ATLANTA (AP) - Republican David Perdue beat Democrat Michelle Nunn in Georgia to win a U.S. Senate seat as final exit polls showed voters appeared troubled by the economy and considered how their decision might affect control of the U.S. Senate. Gov. Nathan Deal, a Republican, beat Democratic challenger Jason Carter, the grandson of former U.S. President Jimmy Carter, even as Deal presided over a weak economy.

Here are some findings from exit polling conducted for The Associated Press and television networks:

GENDER: Exit polls showed Nunn held an advantage among women, winning 53 percent of the female vote. Nunn attacked Perdue on pocketbook issues, from supporting an equal pay bill to criticizing Perdue over a gender lawsuit filed against a company he led as its chief executive. The Republicans fared better with men. Perdue won 61 percent of the male vote, while Deal won about 60 percent.

RACE: The racial gap remains one of the starkest divides in Georgia politics. Exit poll results showed Perdue winning 74 percent of the white electorate, while Deal won 73 percent. Nunn and Carter won the overwhelming majority of black voters. The exit poll results suggest just under 3 in 10 voters were African-American. However, estimating the size of a geographically clustered group using an exit poll is more difficult than estimating those that aren’t clustered, and the risk of sampling error is higher.

SENATE CONTROL: Voters were considering how ballots cast in Georgia would affect whether Republicans or Democrats control the closely divided U.S. Senate. Better than 90 percent of voters said they considered party control of the Senate important, and around three-quarters considered it very important. Perdue held a slight lead among voters who considered party control important.



GLOOMY ECONOMIC OUTLOOK: Georgia has one of the highest unemployment rates in the country. Less than a third of voters polled said the country was moving in the right direction. About eight out of ten said they were worried about the direction of the economy in the coming year. Of those who said they were worried, 62 percent reported voting for Perdue.

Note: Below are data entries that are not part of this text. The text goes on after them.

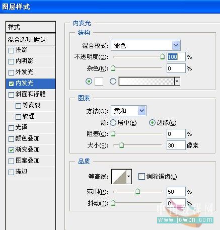 33、繼續(xù)為泡沫層設(shè)置圖層樣式,選擇內(nèi)發(fā)光,設(shè)置如圖。
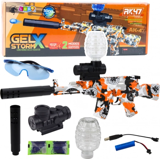 Dieser Karabiner ist mit wechselbaren Magazinen für Gel-Kugeln und einem optischen Visier ausgestattet, was aufregendes Spielen im Freien oder zu Hause ermöglicht (mit entsprechender Sicherung des Bereichs). Dank 3.7V Li-Akku bietet das Spielzeug eine komfortable Nutzung ohne häufigen Batteriewechsel.
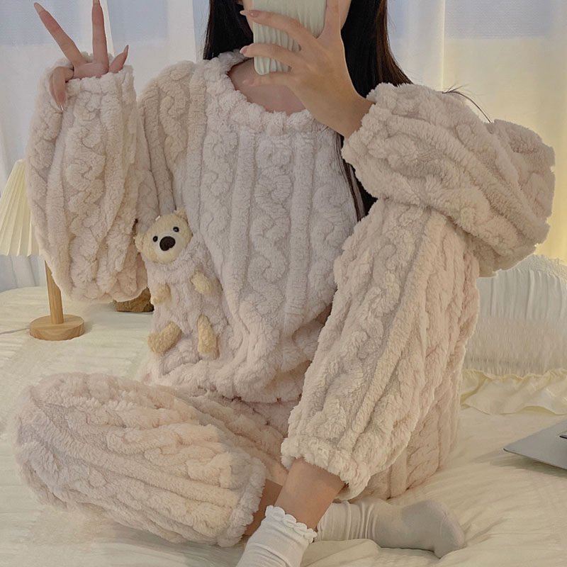 Коралловая бархатная зимняя флисовая удерживающая тепло милая пижама, демисезонный бархатный комплект для школьников и студентов, увеличенная толщина
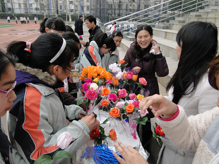 此之前,学校初二年级的600位同学亲手制作了精美的纸质鲜花,这600朵凝聚爱心的花朵,将在义演
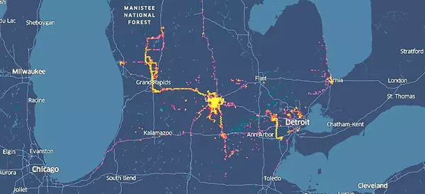 Cellphone data shows 300 of the people who had gathered in Lansing for "Operation Gridlock" scattered throughout the state after the protest. The color of the dot represents device activity: yellow is more activity, red is lighter.
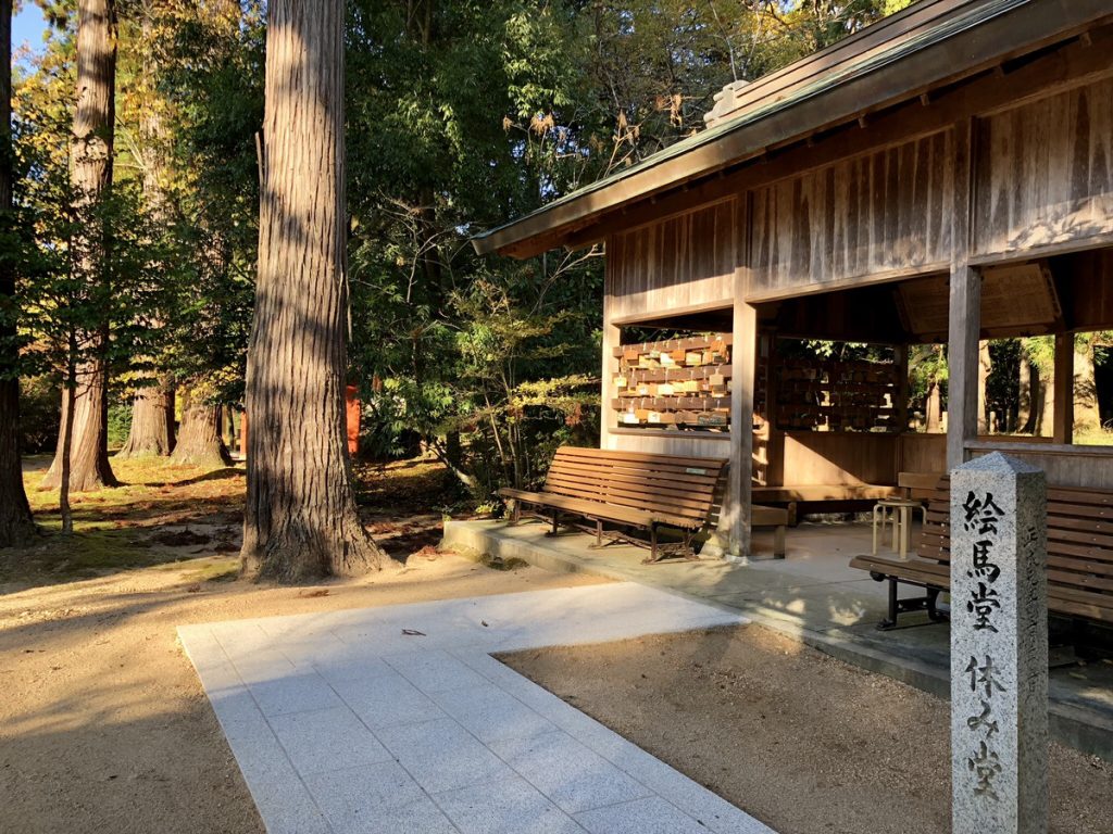 神社では参拝してすぐ帰ってしまいがちですが、ここには「絵馬堂・休み堂」がありますので、ゆったりと、ぼんやりと木々を眺めながら、心が落ち着くまで一休みしてみるのはいかがでしょうか。
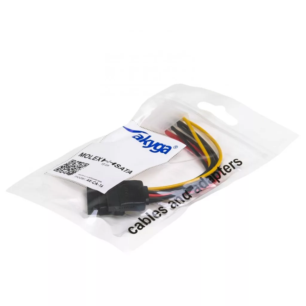 Az Akyga® AK-CA-16 egy adapter, amely lehetővé teszi két további SATA-csatlakozó kialakítását a MOLEX aljzathoz történő csatlakoztatással.
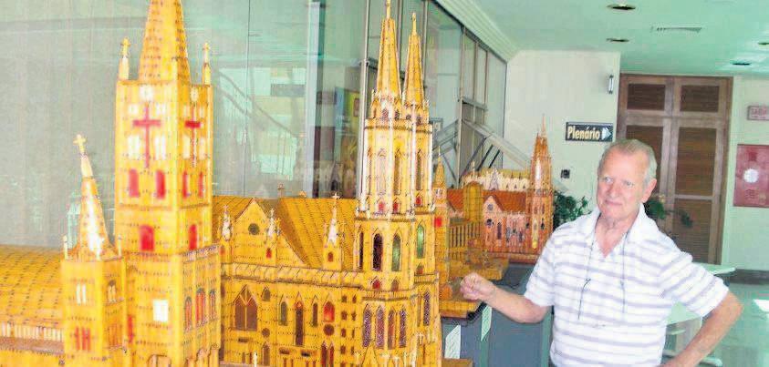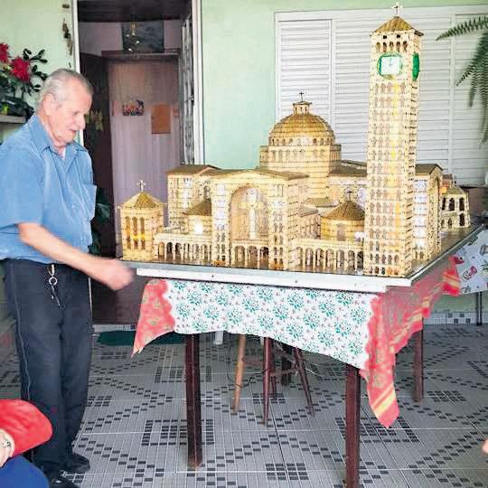 tedral São João Batista, de ta Cruz do Sul. Para ela, foram necessários 50 dias e 75 mil palitos. A última obra finalizada foi a Basílica de Nossa Senhora Aparecida, de Aparecida (SP). O projeto exigiu dois anos de trabalhos e 120 mil palitos.
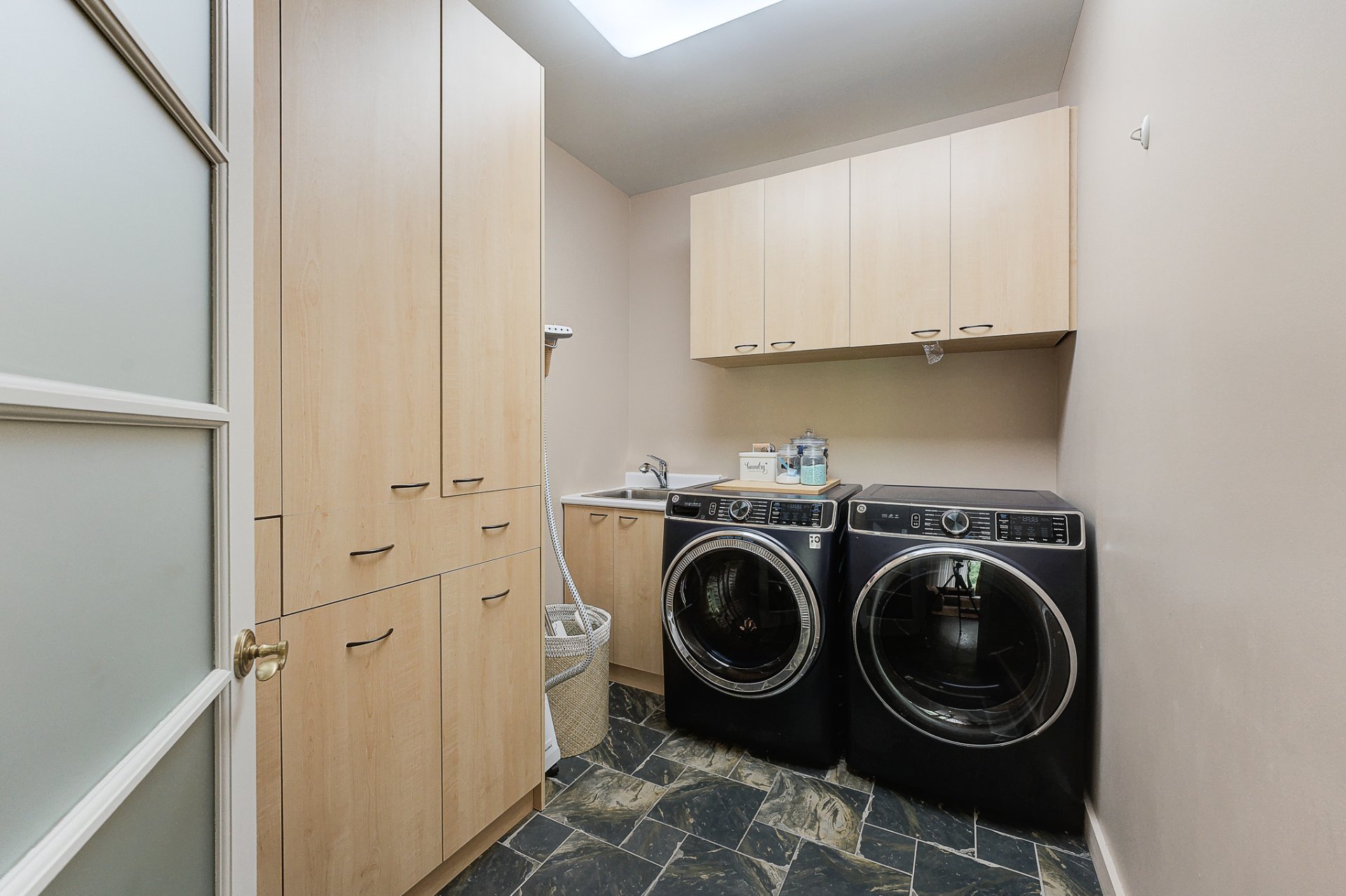 - Refrigerator, gas cooktop, 2 wall ovens, 2 dishwashers, compactor, microwave, light fixtures, central vacuum & access., office set-up, alarm, pool equipment and salt system, electric heat pump for the pool, water softener, Perkings generator 6 cylinders, cellar, sauna, 2 charging stations for electric car, dock.
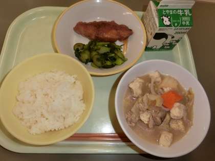 今日の献立は「ご飯、牛乳、ふくらぎのみぞれがけ、とろろ昆布和え、白菜鍋」でした。とろろ昆布和えは「きときとランチ」でした。富山市の学校給食では、子供たちが食に興味をもち、富山の食に関する伝統や文化を学ぶ機会となるように「きときとランチ」を実施しています。旨味たっぷりのとろろ昆布和えをおいしくいただきました。
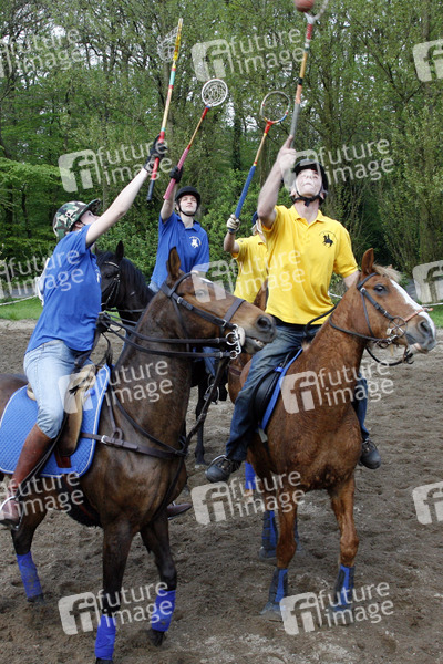 Sportlerinnen, Sportler, Reiter, Reiterinnen, Tiere, Pferde, Polocrosse ist eine Kombination von Polo und Lacrosse

OBAMA: A voter’s view on President Obama was a good indicator of how he or she voted in the Senate race. Nunn won better than nine out of 10 voters who approved of Obama’s job performance. Perdue won about 88 percent of the vote among voters who disapproved.

MINIMUM WAGE: 56 percent of voters said they would support raising the minimum wage. Nunn won a strong majority of those voters.

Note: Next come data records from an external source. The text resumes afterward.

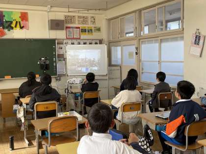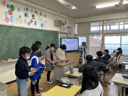 1月18日に5年生が特色ある学校づくり推進事業都市と山間交流として、豊田市の旭地区の小渡小学校と交流を行いました。オンラインで互いの教室をつなぎ、平和小学校はお米を使った料理や米の種類についての発表を自作のパワーポイントを使って発表しました。調べたことを分かりやすくまとめ、アニメーションを駆使したり、クイズを出したりしながら交流を進めました。
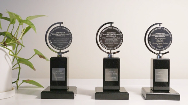 - 토니상 트로피를 조심스레 닦으며 미소 짓는 장면
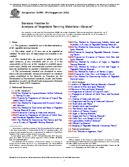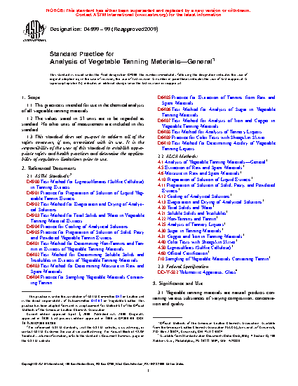 1.1 This practice is intended for use in the chemical analysis of all vegetable tanning materials.
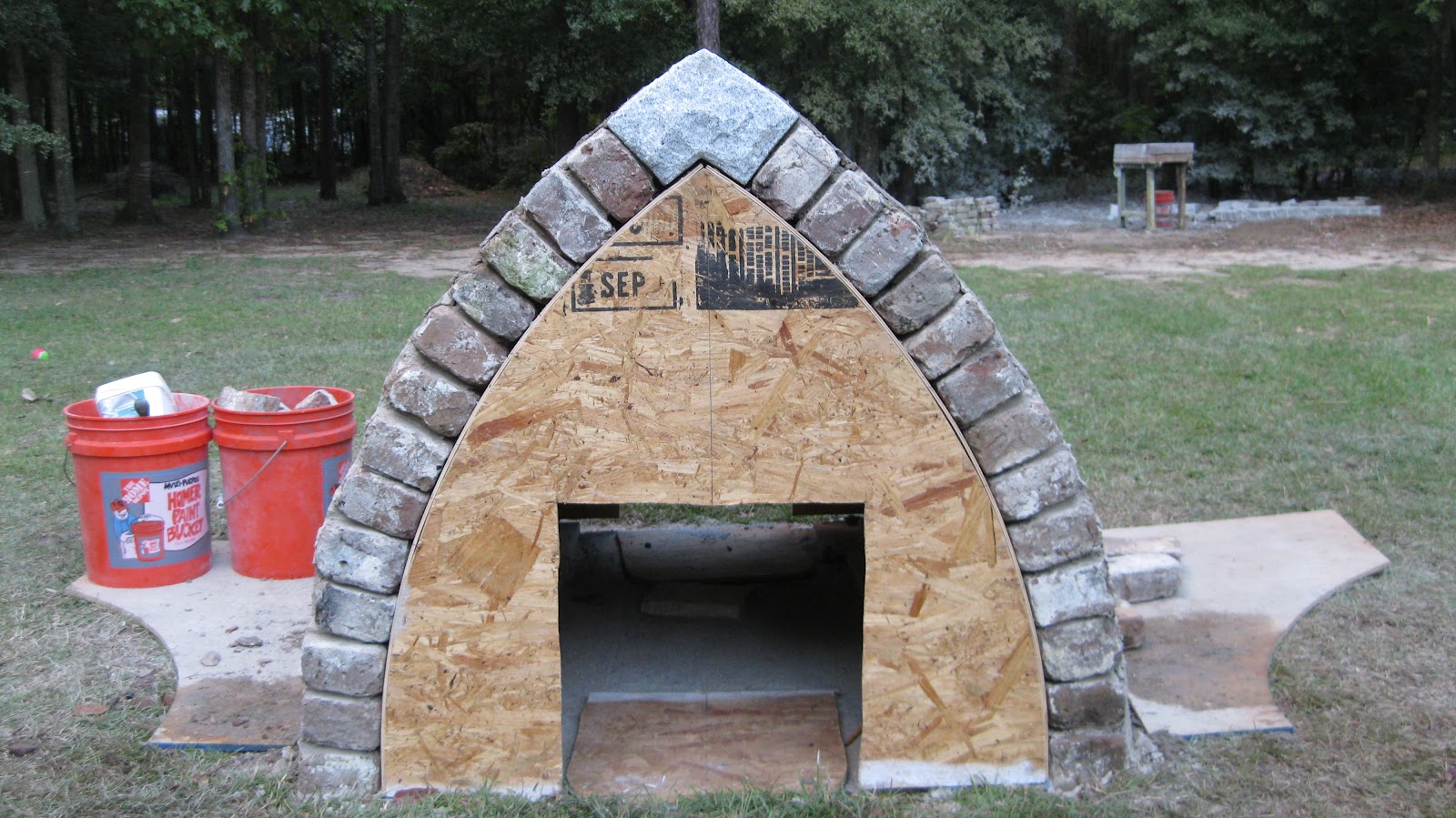 All mortared in. The mortar between the keys is about 1.5″ at the point because the brick keys had a flat top. This was because cutting diamond shape keys would have wasted a lot of the remaining whole brick and I may need them for finishing on the oven.

HEALTH CARE: Roughly half of Georgia voters polled said Obama’s health care overhaul went too far, and 87 percent of those people reported voting for the Republican, Perdue. Around a quarter said it did not go far enough, and approximately a fifth said it was about right.

JOBS-GOVERNOR’S RACE: During the campaign for governor, Carter attacked Deal on the state’s weak labor market. Still, Deal won 64 percent of the vote among people who described the job situation as worse today than four years ago, when Deal won his first term as governor.

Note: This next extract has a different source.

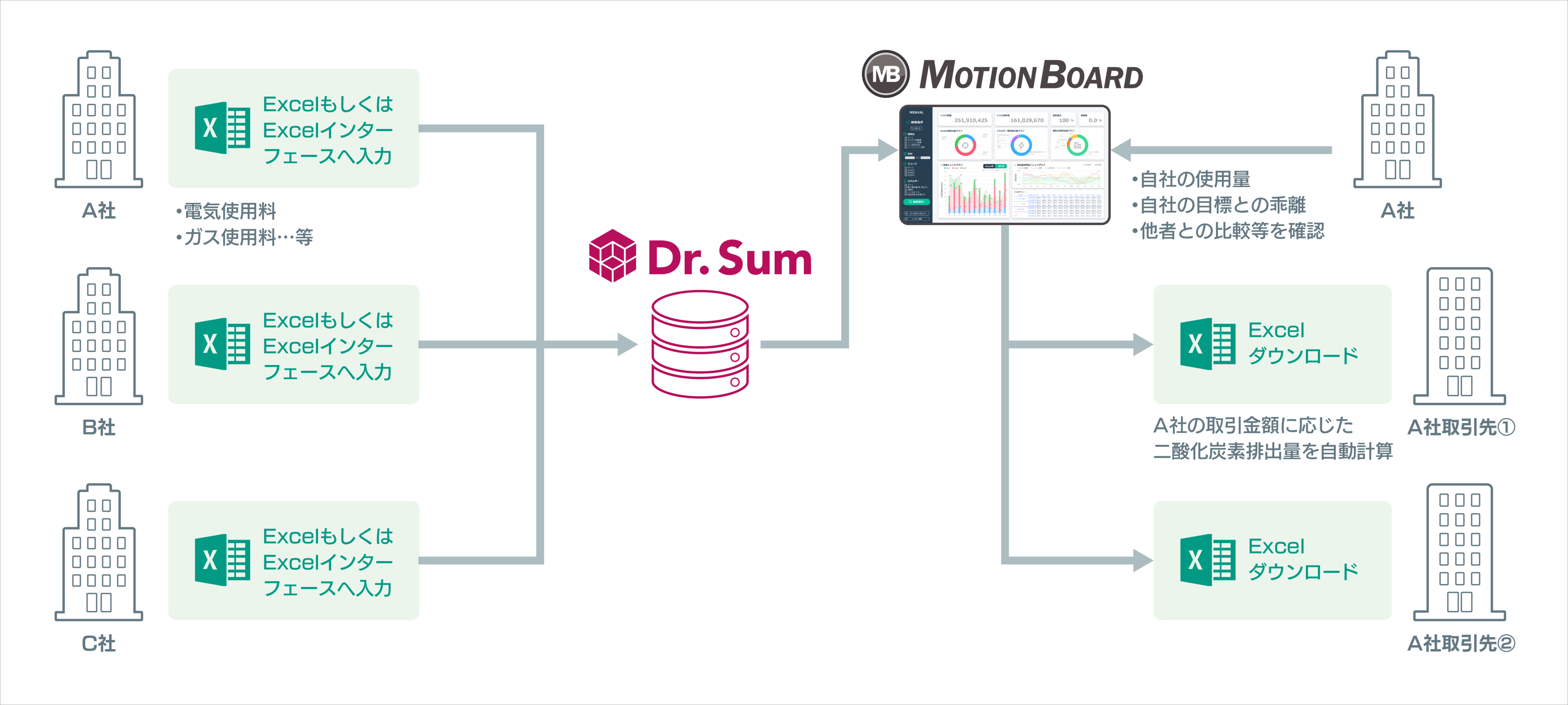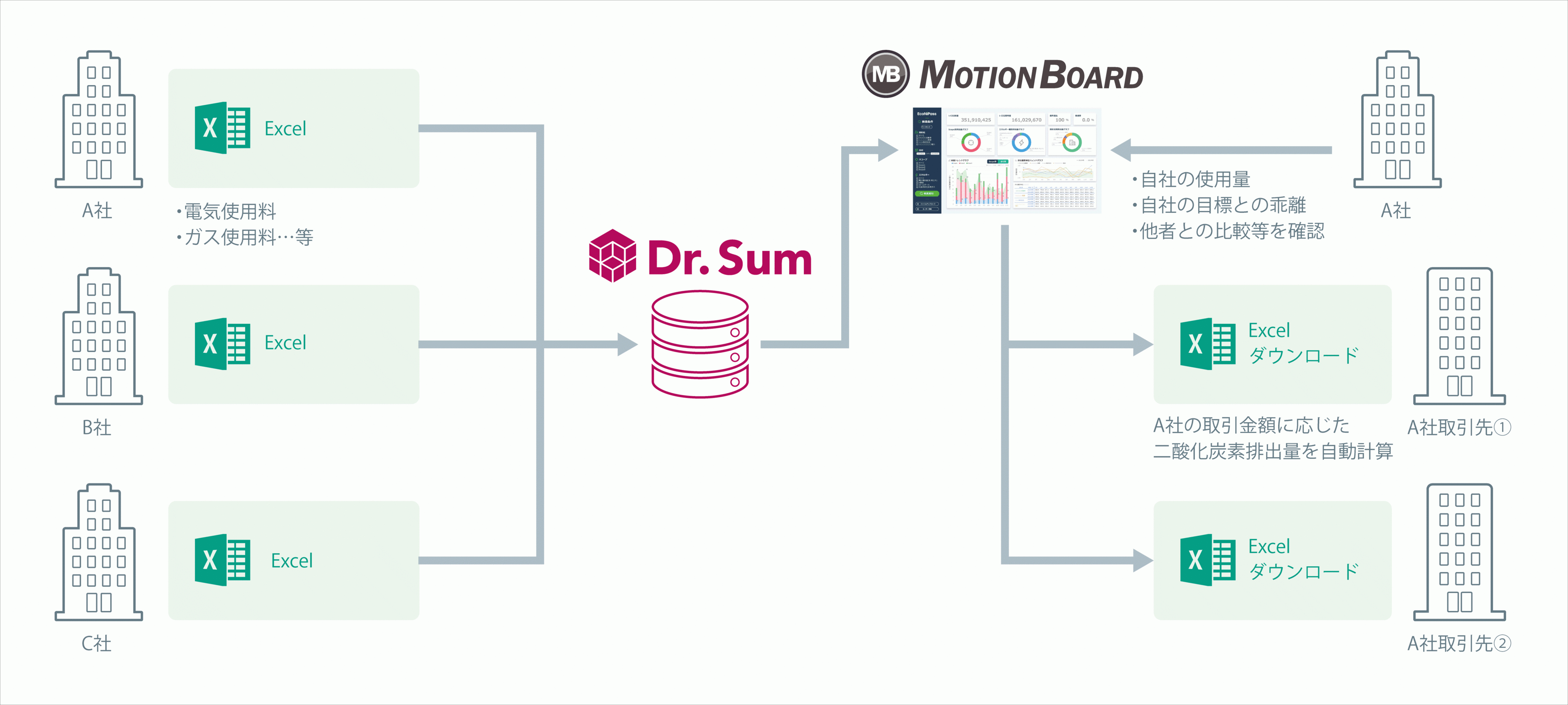「EcoNiPass」はサプライヤーと共にご使用いただくことで、自社のCO2排出量にサプライヤー各社のCO2排出量を自動的に連携※することができ、報告と集計の業務負荷を低減します。

SAME-SEX MARRIAGE: About 62 percent of voters said they opposed gay marriage, while 35 percent supported it.

The survey of 3,117 voters was conducted for AP and the television networks by Edison Research. This includes results from interviews conducted as voters left a random sample of 40 precincts statewide Tuesday, as well as 559 who voted early or absentee and were interviewed by landline or cellular telephone from Oct. 29 through Nov. 4. Results for the full sample were subject to sampling error of plus or minus 3 percentage points; it is higher for subgroups.